## EXERCISE INSTRUCTIONS
Write out the listing below exactly, and omit any images you find in it.

## INPUT DATA
#####
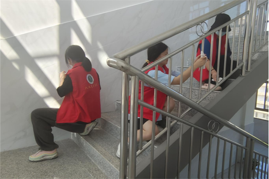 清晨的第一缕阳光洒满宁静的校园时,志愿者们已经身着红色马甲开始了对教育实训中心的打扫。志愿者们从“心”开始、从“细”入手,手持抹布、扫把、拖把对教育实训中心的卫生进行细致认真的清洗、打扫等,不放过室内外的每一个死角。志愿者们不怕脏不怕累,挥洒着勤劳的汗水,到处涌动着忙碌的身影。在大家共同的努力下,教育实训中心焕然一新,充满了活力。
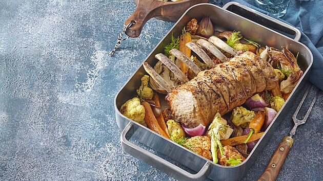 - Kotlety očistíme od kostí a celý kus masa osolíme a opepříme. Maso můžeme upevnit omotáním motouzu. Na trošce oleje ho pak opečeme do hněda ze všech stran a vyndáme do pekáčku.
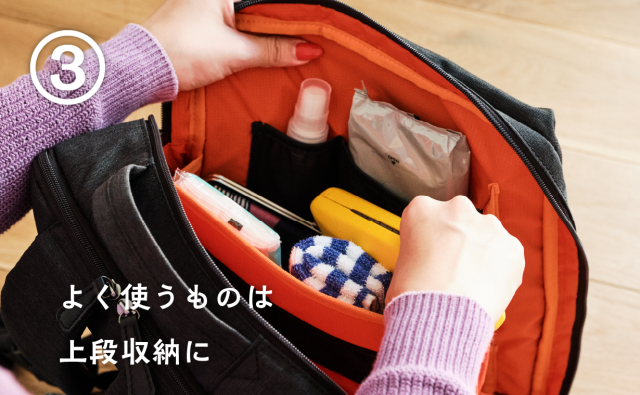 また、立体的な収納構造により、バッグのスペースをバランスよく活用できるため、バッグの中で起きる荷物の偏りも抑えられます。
#####
## ANSWER SECTION
 清晨的第一缕阳光洒满宁静的校园时,志愿者们已经身着红色马甲开始了对教育实训中心的打扫。志愿者们从“心”开始、从“细”入手,手持抹布、扫把、拖把对教育实训中心的卫生进行细致认真的清洗、打扫等,不放过室内外的每一个死角。志愿者们不怕脏不怕累,挥洒着勤劳的汗水,到处涌动着忙碌的身影。在大家共同的努力下,教育实训中心焕然一新,充满了活力。
 - Kotlety očistíme od kostí a celý kus masa osolíme a opepříme. Maso můžeme upevnit omotáním motouzu. Na trošce oleje ho pak opečeme do hněda ze všech stran a vyndáme do pekáčku.
 また、立体的な収納構造により、バッグのスペースをバランスよく活用できるため、バッグの中で起きる荷物の偏りも抑えられます。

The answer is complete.